In On Privacy Notions in Anonymous Communication, the authors survey and systematize desirable formal privacy notions for anonymous messaging. The authors worked out the logical implications between all of the formal notions in their systematization. They found that all of them imply a notion called “sender-receiver pair unlinkability”. That means that if a system doesn’t have sender-receiver pair unlinkability, it doesn’t have any of the other formal privacy notions that they considered.

A simplified version of sender-receiver unlinkability is defined by a game. In the game, a secret bit is chosen at random. If the bit is 0, Sender 1 sends a message to Receiver 1 and Sender 2 sends a message to Receiver 2. If the secret bit is 1, the destinations are swapped; Sender 1 sends to Receiver 2 and Sender 2 sends to Receiver 1. To win the game, i.e. to break the privacy property, the adversary has to guess the secret bit.
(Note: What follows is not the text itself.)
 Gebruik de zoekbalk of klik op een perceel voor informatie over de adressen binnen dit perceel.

With FMD in this four-user scenario, either the false-positive rate is high enough that both receivers download both senders’ messages (meaning no efficiency has been gained), or one receiver fails to download one of the sender’s messages. Since there are no false-negatives in FMD, this means that the not-downloaded sender’s message was definitely not directed at that receiver, and the adversary learns the secret bit. For example, if Receiver 1 didn’t download Sender 1’s message, then we know the bit is 1, since if it was 0, Receiver 1 would have definitely downloaded Sender 1’s message.

This shows that FMD cannot satisfy sender-receiver pair unlinkability, and by the logical implications given in the paper, cannot satisfy any of the other formal privacy definitions. FMD’s privacy guarantees are necessarily heuristic and statistical.
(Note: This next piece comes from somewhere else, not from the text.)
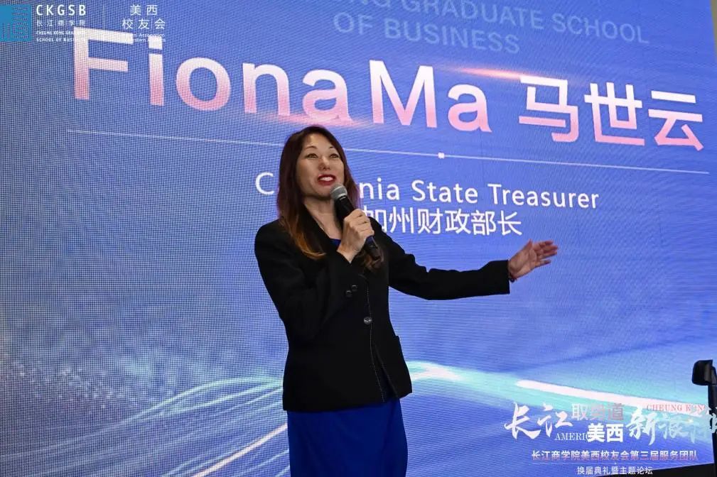 加州历史上首位亚裔女性财政部长菲奥娜·马(Fiona Ma)女士,亦在典礼上发表致辞。她详细解读了加州超过2000亿美元的年度财政收支概况、基础设施与教育专项债券发行计划,以及“加州住房金融局”推出的多项住房融资政策,为有意在加州拓展业务的长江企业家们提供了极具价值的一手政策资讯和财政指导。AG全球资本公司主席、加州投资论坛委员会成员Jason A. Gahar博士亦以其丰富的金融实战经验,向校友们展示了加州投资政策的前沿脉动与新兴赛道。

More analysis of FMD’s privacy properties against weaker privacy notions can be found in The Effect of False Positives: Why Fuzzy Message Detection Leads to Fuzzy Privacy Guarantees.

In addition to lackluster privacy properties, FMD is also not scalable. The FMD server must still process all transactions for each user, and at best it offers a constant factor reduction in the scanning work that wallets must perform locally.

Using Existing Communication Channels

If two users already talk to each other over an existing secure messaging system, then they can send transactions over the messenger. For those transactions (but not others), the recipient’s wallet can avoid trial-decryption. This is the idea behind liberated payments.

This scales well, but has two drawbacks.

First, the user experience is a significant departure from what is common among cryptocurrencies. Users are accustomed to sending money to an address given to them by their counterparty; with liberated payments, they would have to add their counterparty as a contact on a messenger and get their wallet to send them a message. I believe this can be made usable, but the sheer fact it works differently might be enough to put a lot of users off.

Second, the privacy properties of the resulting system are only as good as the metadata-resistance privacy properties of the messengers used. For example, if a transaction is sent through a messenger that uses strong encryption, but the messenger leaks metadata about message size (identifying the message as likely being a liberated payment) and who the message is coming from and going to, an adversary watching this metadata can tell approximately who is sending payments to who, breaking privacy guarantees that users expect.

Liberated payments would work great for use cases where users are making payments to a website, for example sending funds to an exchange, buying something from an online store, or donating to a charity. In this case, any attackers monitoring the user’s Internet connection are already aware that there is some kind of relationship between the user and the website they have visited. If the payment information is sent through the same encrypted connection that the user’s browser is already using to communicate with the website, the fact a payment is being made can be kept secret. If the payment information is sent through a separate connection (e.g. from the user’s smartphone wallet, with the payment being made by scanning a QR code in a desktop browser), the fact a payment was made will be leaked, but this might not matter for some use cases, like if the website is a store and the attacker is already pretty sure that the user is going to buy something.

So, liberated payments would work well as a workaround to wallet performance problems for payments to websites and for a subset of users who already have a private means to communicate with each other, but it may not be a good long-term solution because of the metadata-privacy weaknesses in existing private messengers and because it requires users to learn a new UX.

SGX-based Approaches

Another way to scale would be to use a trusted, private server. Using an actual trusted server would defeat the purpose of building a private money system (we’d just be building another PayPal), but Intel’s SGX technology aims to make it possible to approximate a trusted server in an untrusted way. This is the approach that MobileCoin takes (in combination with the decoy-based CryptoNote protocol).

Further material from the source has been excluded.